Bean's Cartoon Shadow:

Here are the other snowflakes featured today:

How you can help Robert's Snow:

  • Thank Amy Schimler for donating her time and talents and let her know what you think of her snowflake, "Hanging Popcorn at the Beaver Lodge"...as Amy says on her contact page: "Don't be shy!"
  • Check out the other Blogging for a Cure snowflake features: a schedule is updated weekly on the sidebar to the right, and previous posts can be found at Seven Impossible Things before Breakfast (Thank you, Jules & Eisha!)
  • Visit Robert's Snow to view all the snowflakes (not all the snowflakes were ready in time to be featured by Blogging for a Cure, so be sure to visit the official site so you don't miss any)
  • Bid on your favorite snowflakes during the three auctions held Nov. 19-Dec. 7
  • Spread the word!

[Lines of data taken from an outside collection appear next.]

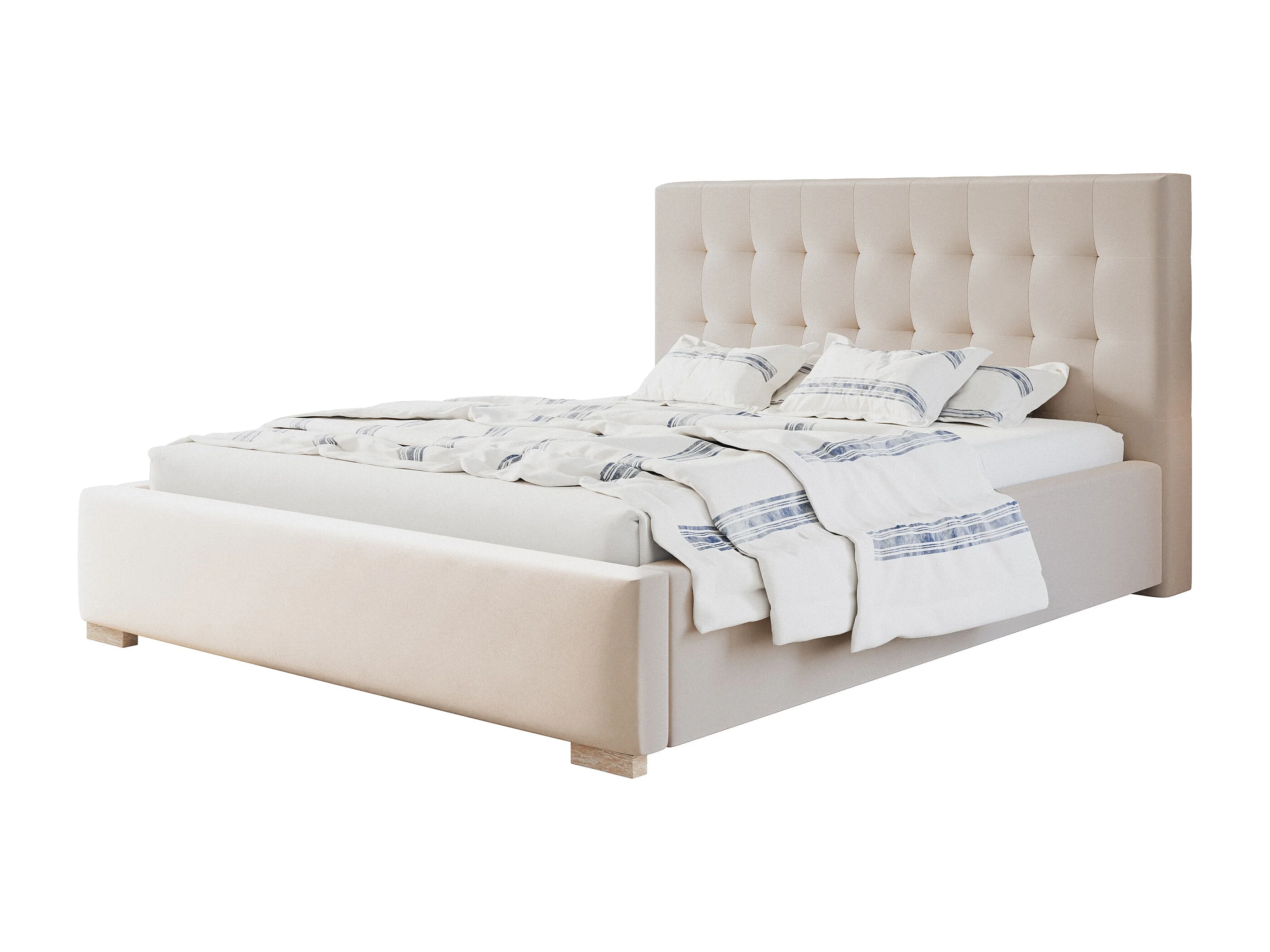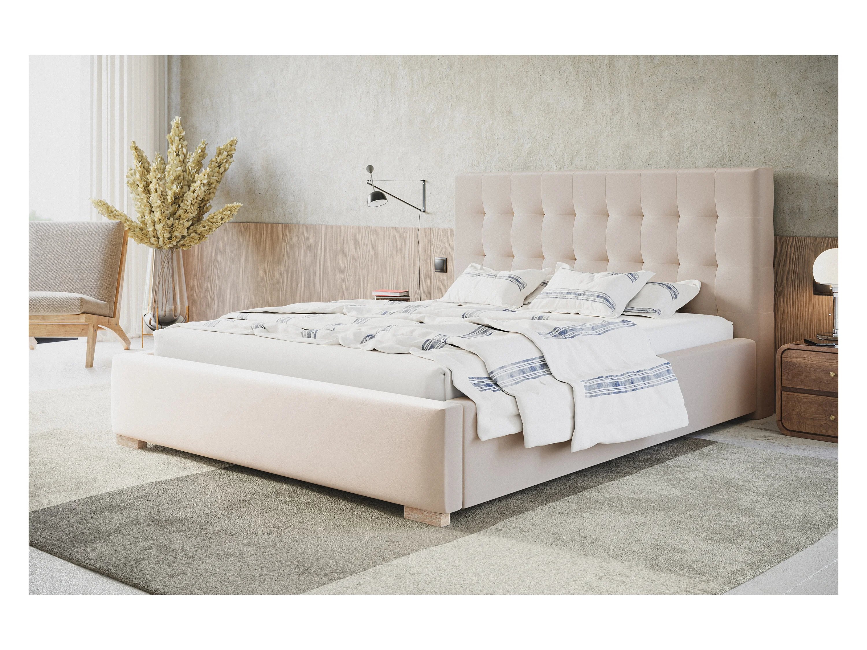 Lit rembourré RIO avec tête de lit, 140x200 cm, lit double avec coffre de rangement et sommier à lattes en bois, tissu velours, couleur : sable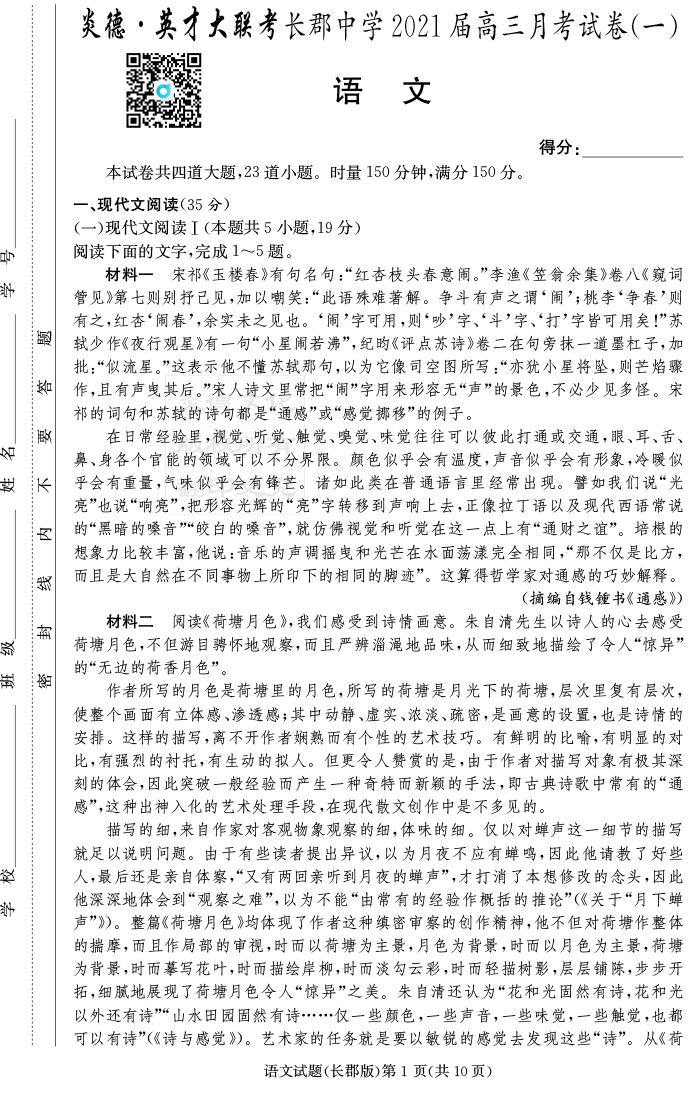 上一篇:【英語】炎德英才大聯考2021屆長郡中學高三1次月考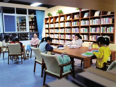 书房开放后的这段时间,只要得空,晚饭后,黄娟都会习惯性地带着两个孩子来这里一起徜徉书海。孩子们的睡前活动也从过去的看看电视或者在附近溜达玩耍,变成了现在的听听故事、读读书。
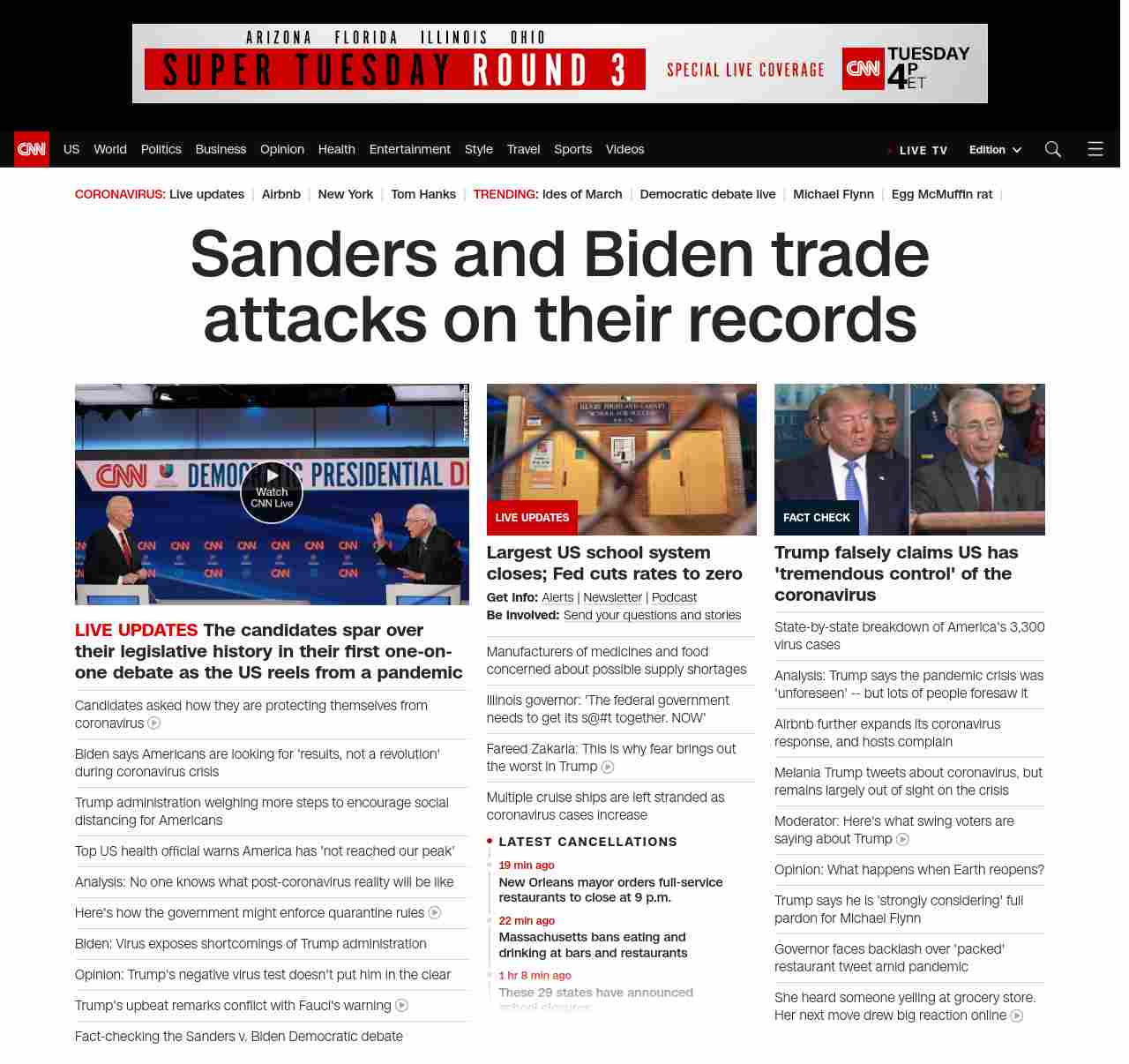 || banner-text–natural”> Sanders and Biden trade attacks on their records ||” , title: “CNN – Breaking News, Latest News and Videos” , siblings: {“articleList”:[{“uri”:”/politics/live-news/2020-democratic-debate-live-updates/index.html”,”headline”:”u003cstrong>The candidates spar over their legislative history in their first one-on-one debate as the US reels from a pandemicu003c/strong>”,”thumbnail”:”//cdn.cnn.com/cnnnext/dam/assets/200315210254-31-cnn-debate-0315-small-11.jpg”,”duration”:””,”description”:””,”layout”:””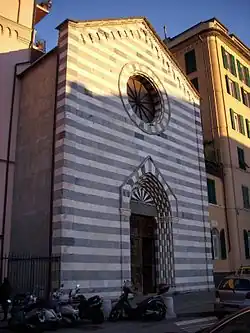 Romanesque-Gothic in form, it has a black-and-white striped facade, typical of 14th-century Genoese architecture, made by alternating slabs of white marble and slate. The central rose window, destroyed by bombs, was rebuilt in 1953. The one-nave interior has an exposed wooden truss roof, rebuilt in 1950, while the square apse is surmounted by a rib vault. Some late 15th-century frescoes depicting the four evangelists are visible in the masonry vaults.[4]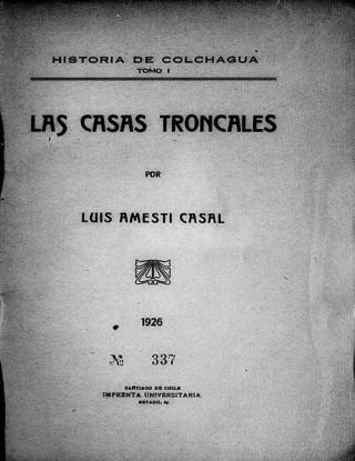 Luis Urbano de Amesti Casal (1892-1992) fue un historiador y escritor. En 1926 publicó el primer tomo de su nunca terminada Historia de Colchagua, bajo el título Las casas troncales.

Tell your grandmother, your neighbor, your postman. Send them a link to this post or to any Robert's Snow post.

7 comments:

Anonymous said...

Oh, what a great interview. I smiled too.
-Debbie G.

jules said...

Thanks, Josephine. What a nice interview (and thanks, Amy). Yes, that studio sounds to-die-for. Oh my.

TadMack said...

I love her folk-artsy style! And my word -- what great teeth on those beavers!!

Red Fish Circle said...

Josephine, thanks for volunteering your time for Robert's Snow and your lovely post! -Amy

Josephine Cameron said...

Thanks all! I *loved* doing this one...I can't wait to see how everything goes at the auction!

Cloudscome said...

I love those beavers. Great interview!

Susan T. said...

That's a lovely interview. And the beavers are the greatest!